As I dug into the filter, and started to look for the wires that ran it, I guessed I should feel guilty about this in some ways. It was murder, and it wasn’t right, and shouldn’t have been acceptable in polite society. Or any society.
Though, just like all the asses that ran the Pipeline, and were trying to gear it back up, this woman brought suffering to those around her. She didn’t care about the fact that Hector was probably going to have lifelong psychological trauma. That he could possibly be suffering from physical effects of this disease for years. We’d do what we could for him, but he was already damaged, and there was no guarantee he could be healed completely.
“Do you know anything about electrical systems?” Bastian asked, kneeling down next to me and peering into the filter box.

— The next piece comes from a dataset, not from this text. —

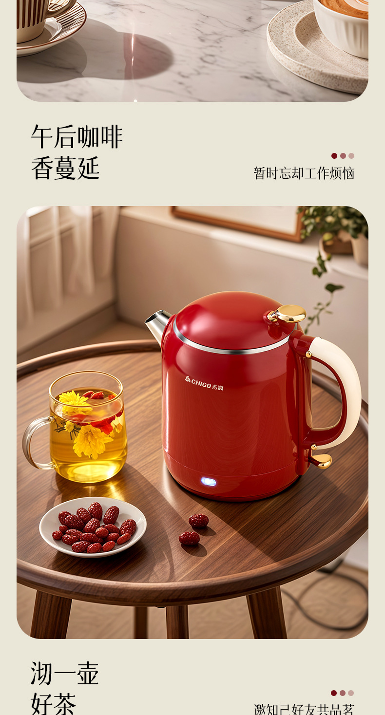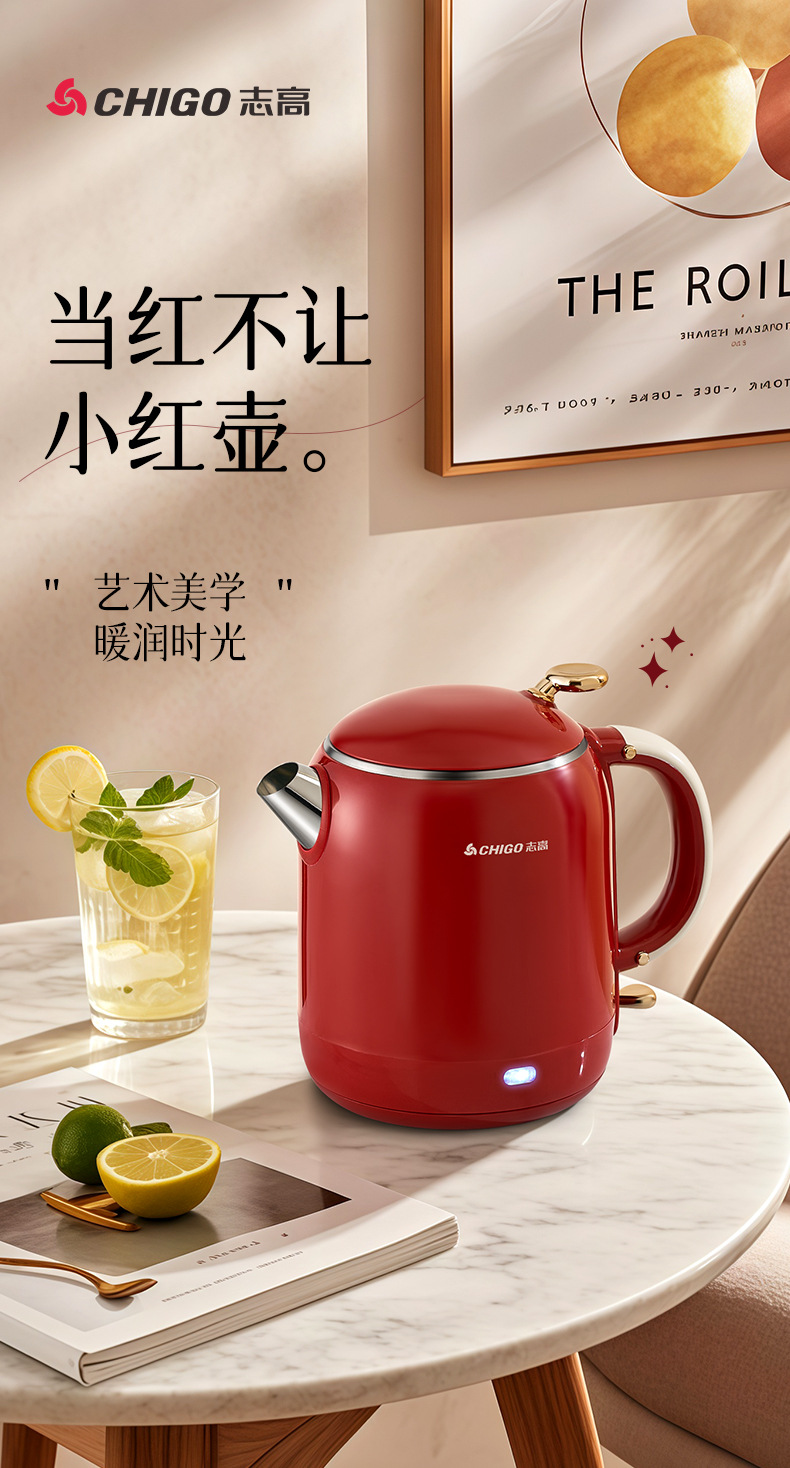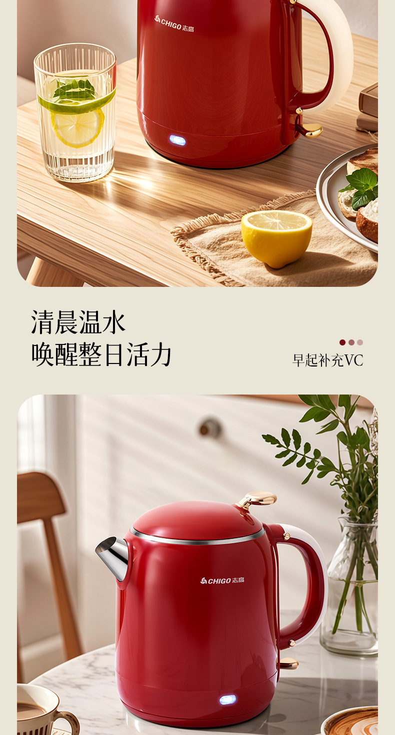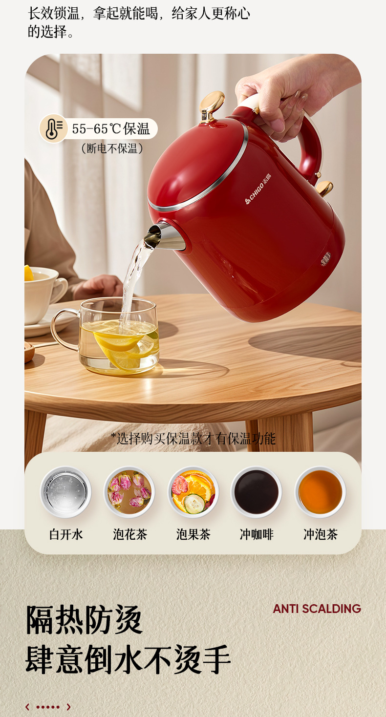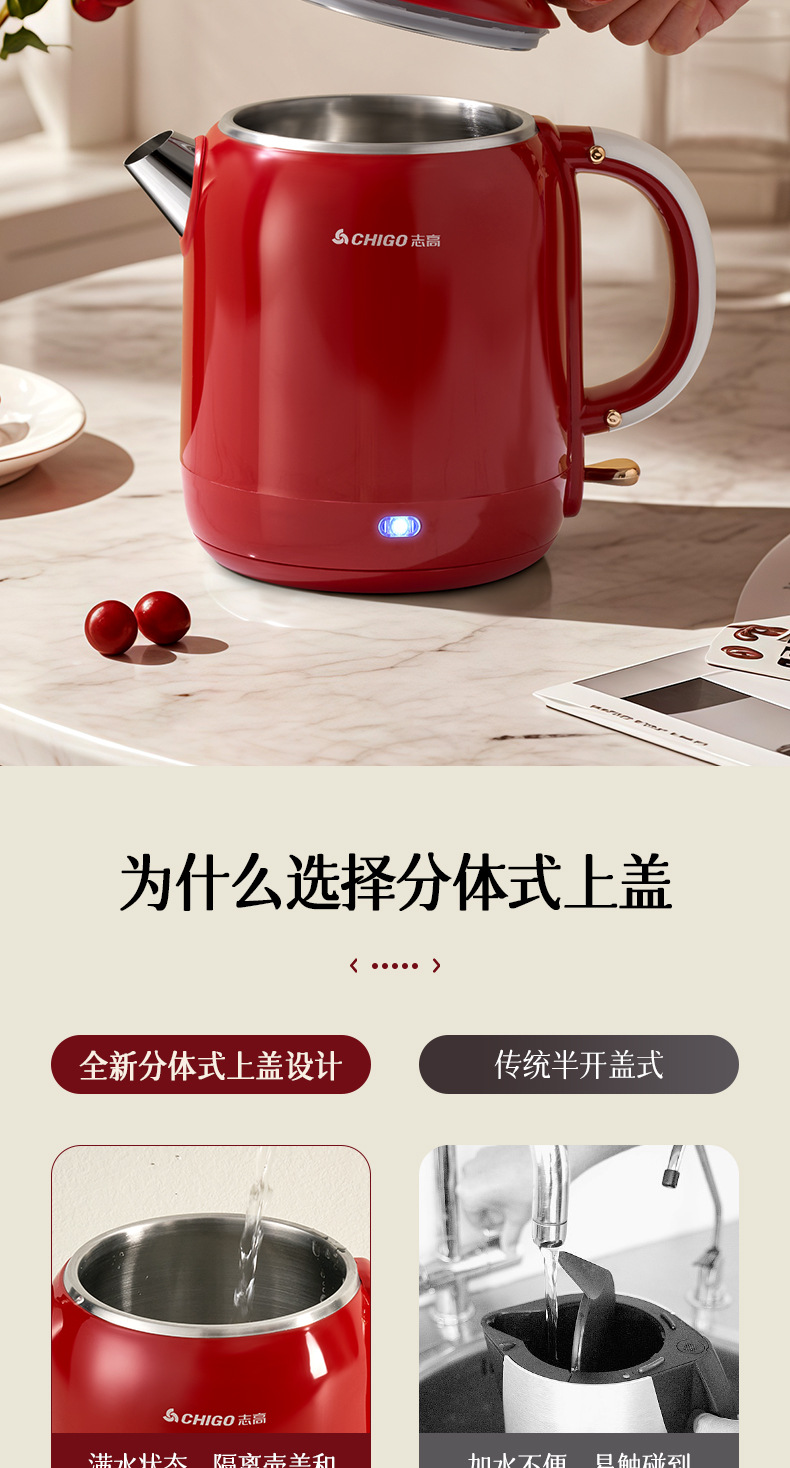 Hervidor eléctrico Chigo, aislamiento térmico de acero inoxidable para el hogar, hervidor de agua abierto integrado, calentamiento rápido, apagado automático de gran capacidad, olla de temperatura constante

“Not a goddamn clue,” I answered.
“See that large cable running to the big black box?”
“Yep.”
“Power cable. Looks like a 200 amp DC, too. Nice.”
“Nice?”
“You only need one amp to kill, and direct current works much better.”
I stared down into the box. “We’re just going to kill this woman?”
“Well…”
Sitting back on my heels, I looked at Bastian. “This feels like it’s not the right way to do this. I feel like…we should ruin her. Take away her money, her cars, her privileges. Bring her down.”
He stared down at the wires. “Can you do that?”
“I’m a master of financial manipulation.” I took a moment to glance up at him. “I can get her ruined by just exposing her though, honestly. She’s a full-on hot mess, and it would be a lot more fun to draw this out, I think.”
Ding.
Unknown: Ah, there’s my Greed. I like this better.